**Information provided**
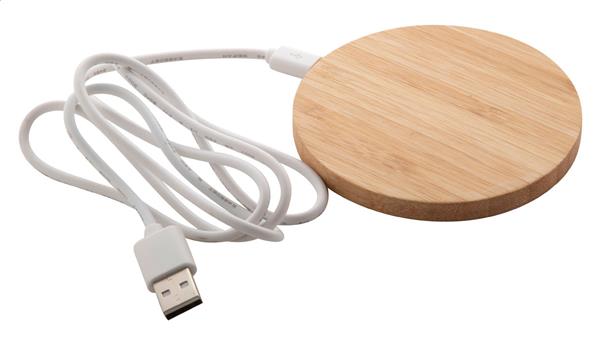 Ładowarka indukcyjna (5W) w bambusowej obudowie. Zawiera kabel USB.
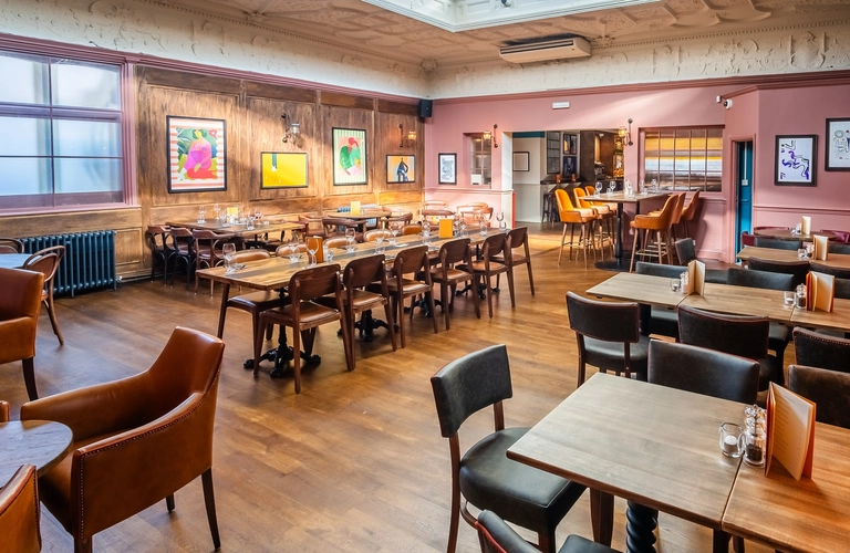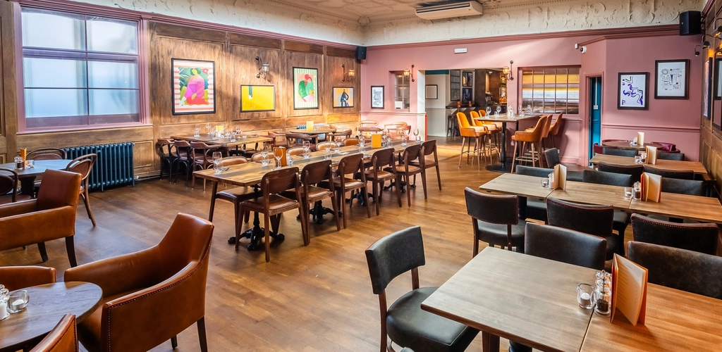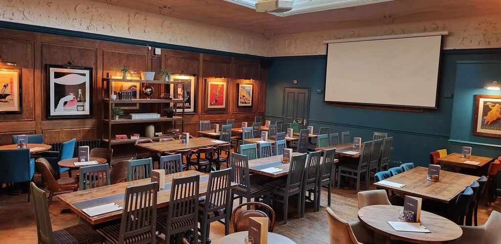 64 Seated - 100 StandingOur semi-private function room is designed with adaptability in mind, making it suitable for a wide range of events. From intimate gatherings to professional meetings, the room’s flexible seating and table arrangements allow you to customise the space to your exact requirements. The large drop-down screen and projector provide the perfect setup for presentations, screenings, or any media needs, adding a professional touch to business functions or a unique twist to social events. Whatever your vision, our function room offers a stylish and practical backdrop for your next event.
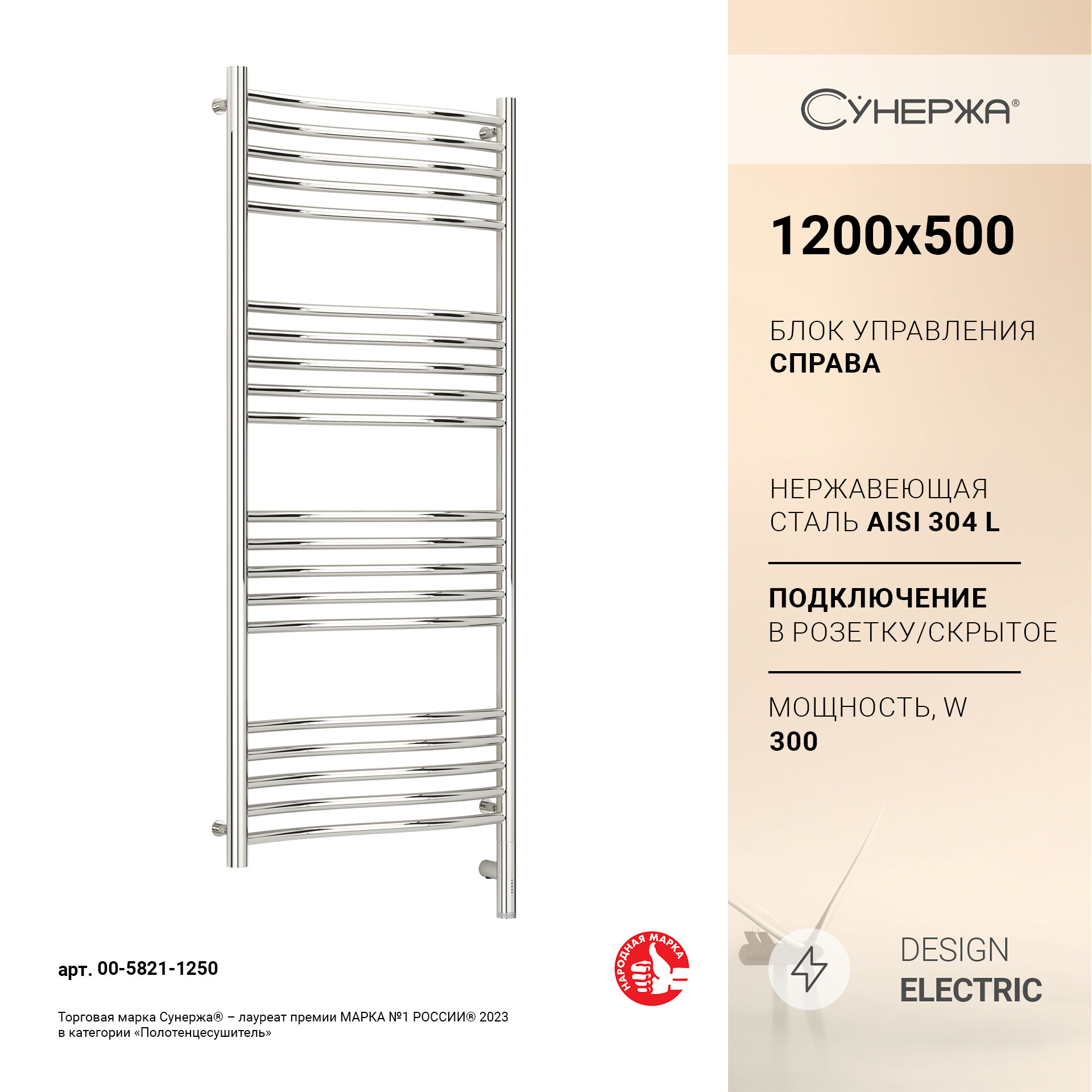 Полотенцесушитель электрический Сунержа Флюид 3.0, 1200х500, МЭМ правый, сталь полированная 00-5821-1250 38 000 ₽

**What you are asked to do**
Reproduce the listing above from the line that contains "64 Seated - 100" through its final line, exactly and with nothing added. Omit the images.

**Task response**
 64 Seated - 100 StandingOur semi-private function room is designed with adaptability in mind, making it suitable for a wide range of events. From intimate gatherings to professional meetings, the room’s flexible seating and table arrangements allow you to customise the space to your exact requirements. The large drop-down screen and projector provide the perfect setup for presentations, screenings, or any media needs, adding a professional touch to business functions or a unique twist to social events. Whatever your vision, our function room offers a stylish and practical backdrop for your next event.
 Полотенцесушитель электрический Сунержа Флюид 3.0, 1200х500, МЭМ правый, сталь полированная 00-5821-1250 38 000 ₽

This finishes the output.